>>>

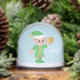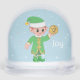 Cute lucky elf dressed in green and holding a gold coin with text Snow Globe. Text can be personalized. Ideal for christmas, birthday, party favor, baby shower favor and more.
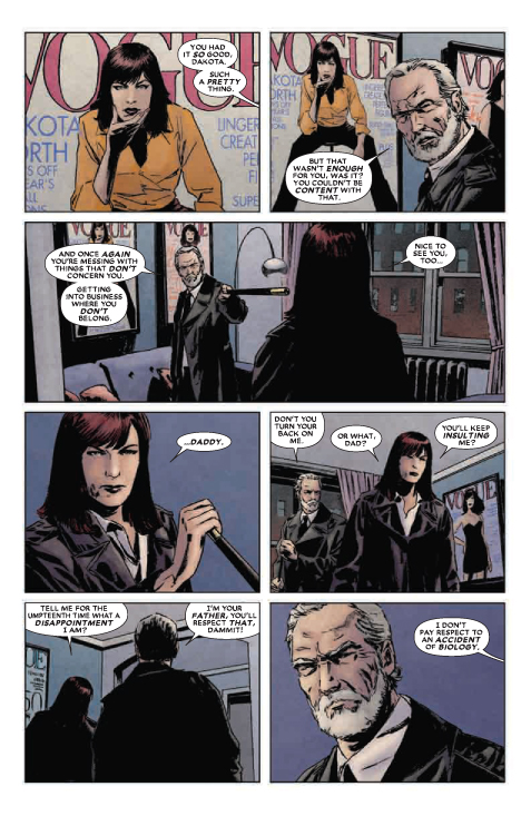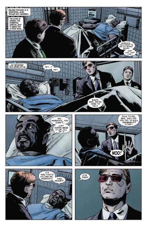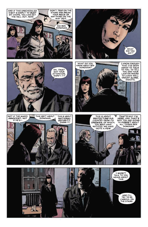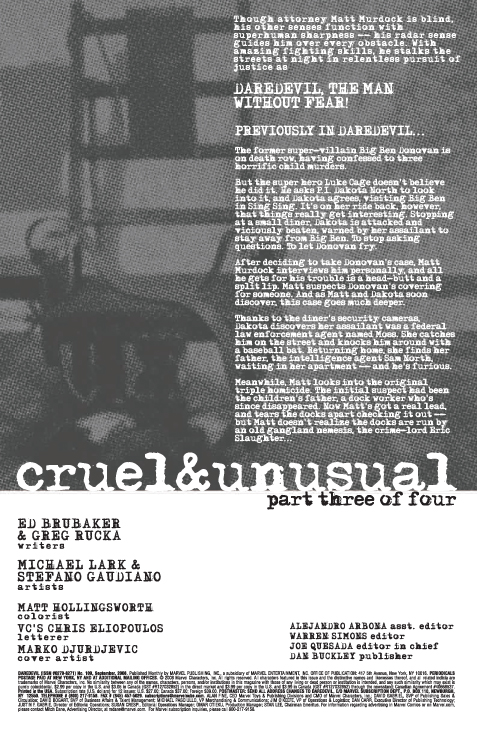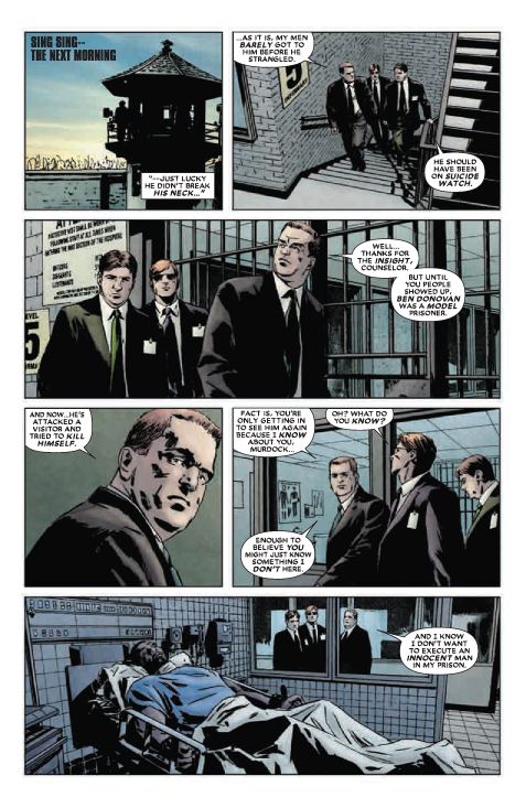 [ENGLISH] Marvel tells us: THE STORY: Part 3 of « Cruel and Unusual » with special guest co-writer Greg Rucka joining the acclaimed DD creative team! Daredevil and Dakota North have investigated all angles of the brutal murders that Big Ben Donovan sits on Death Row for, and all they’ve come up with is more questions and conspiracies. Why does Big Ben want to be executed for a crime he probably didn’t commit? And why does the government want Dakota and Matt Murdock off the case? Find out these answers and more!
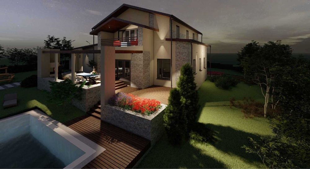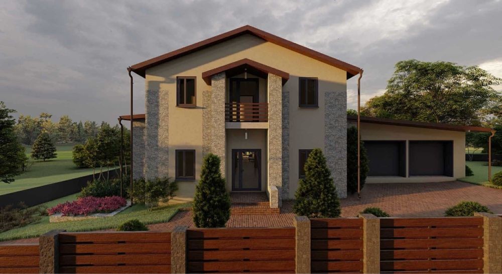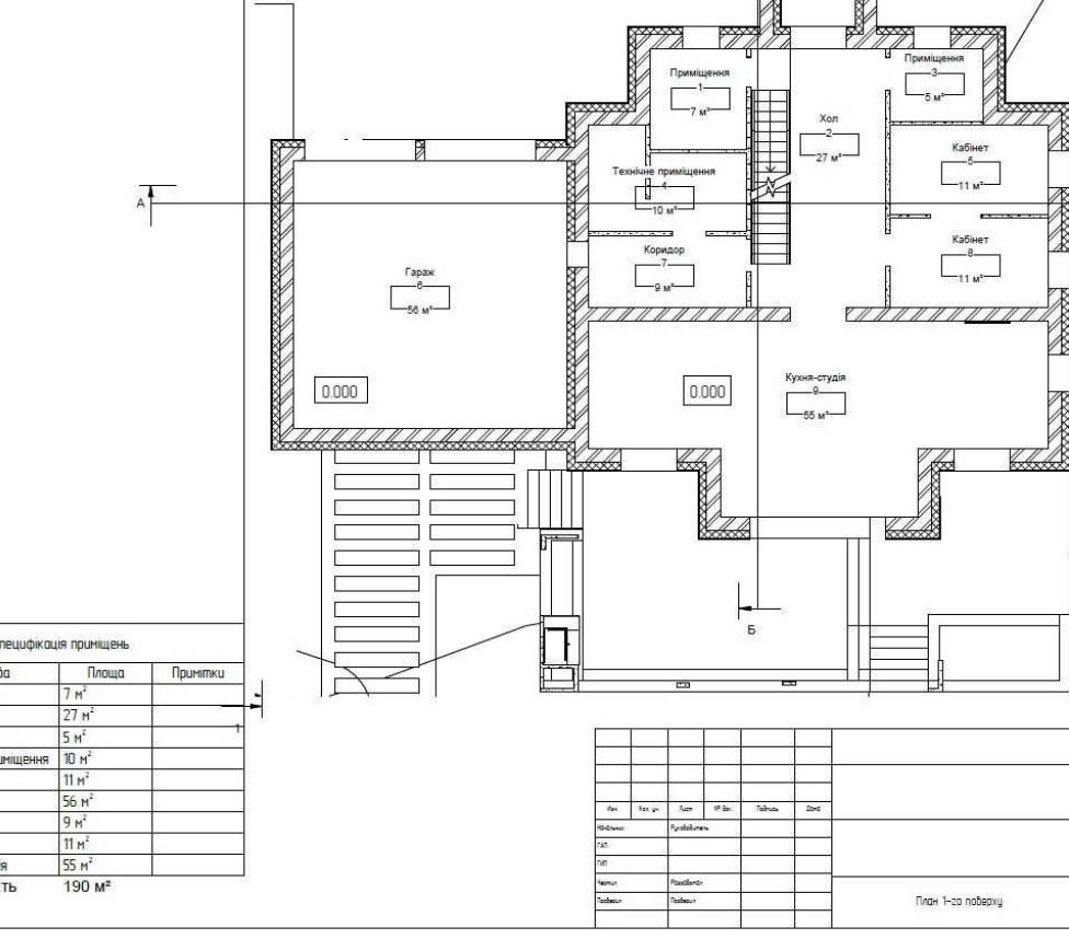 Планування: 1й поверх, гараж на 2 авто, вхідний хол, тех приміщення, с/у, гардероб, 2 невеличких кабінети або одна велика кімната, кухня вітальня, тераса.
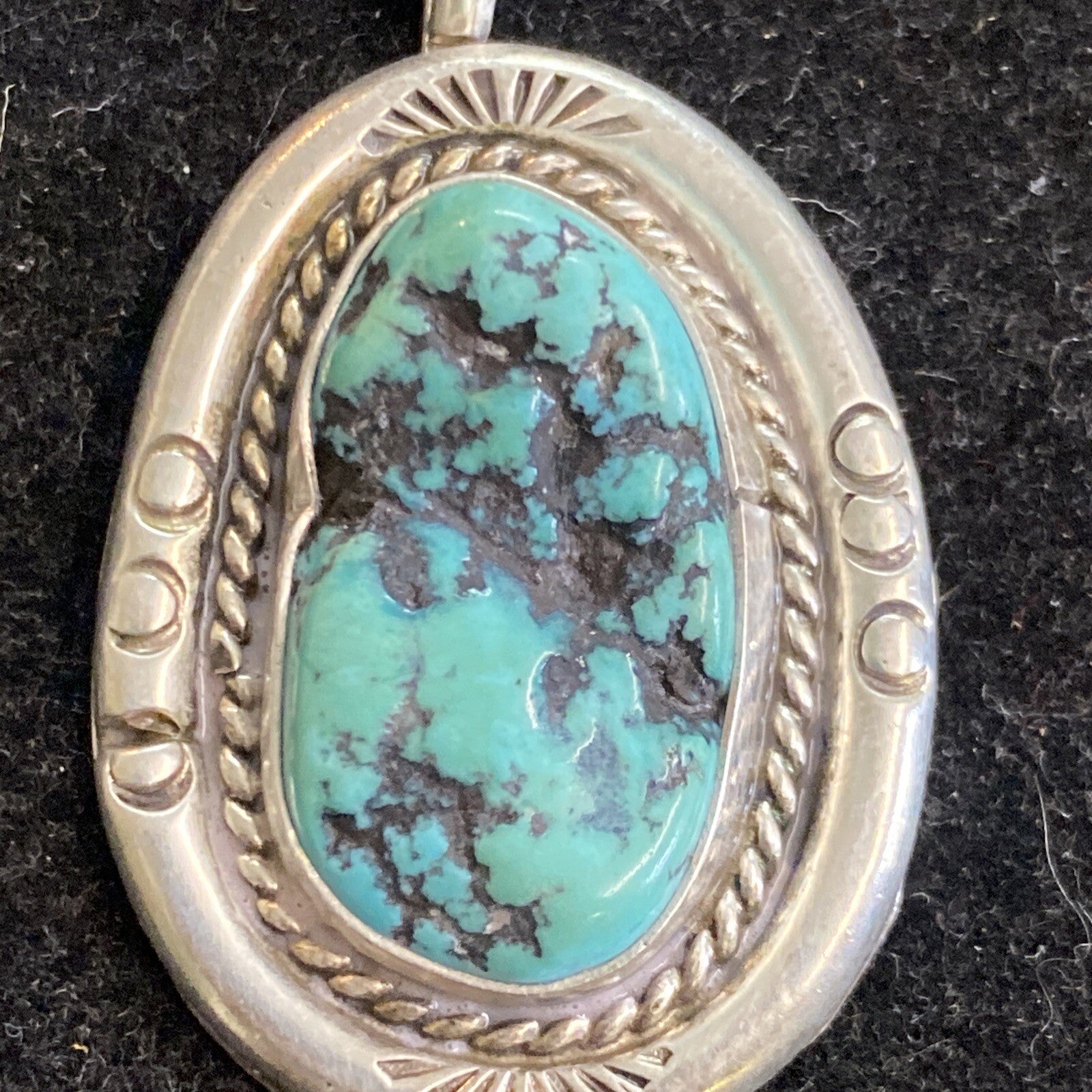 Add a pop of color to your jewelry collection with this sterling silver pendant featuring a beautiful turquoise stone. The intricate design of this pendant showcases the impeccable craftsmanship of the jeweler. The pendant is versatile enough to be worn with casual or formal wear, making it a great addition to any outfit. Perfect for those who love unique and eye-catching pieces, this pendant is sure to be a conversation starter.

<<<

• _What you are asked to do_
Leaving out every picture, extract verbatim the lines from the one containing "Планування: 1й поверх, гараж" through the last line of the listing, inclusive.

• _Your solution_
 Планування: 1й поверх, гараж на 2 авто, вхідний хол, тех приміщення, с/у, гардероб, 2 невеличких кабінети або одна велика кімната, кухня вітальня, тераса.
 Add a pop of color to your jewelry collection with this sterling silver pendant featuring a beautiful turquoise stone. The intricate design of this pendant showcases the impeccable craftsmanship of the jeweler. The pendant is versatile enough to be worn with casual or formal wear, making it a great addition to any outfit. Perfect for those who love unique and eye-catching pieces, this pendant is sure to be a conversation starter.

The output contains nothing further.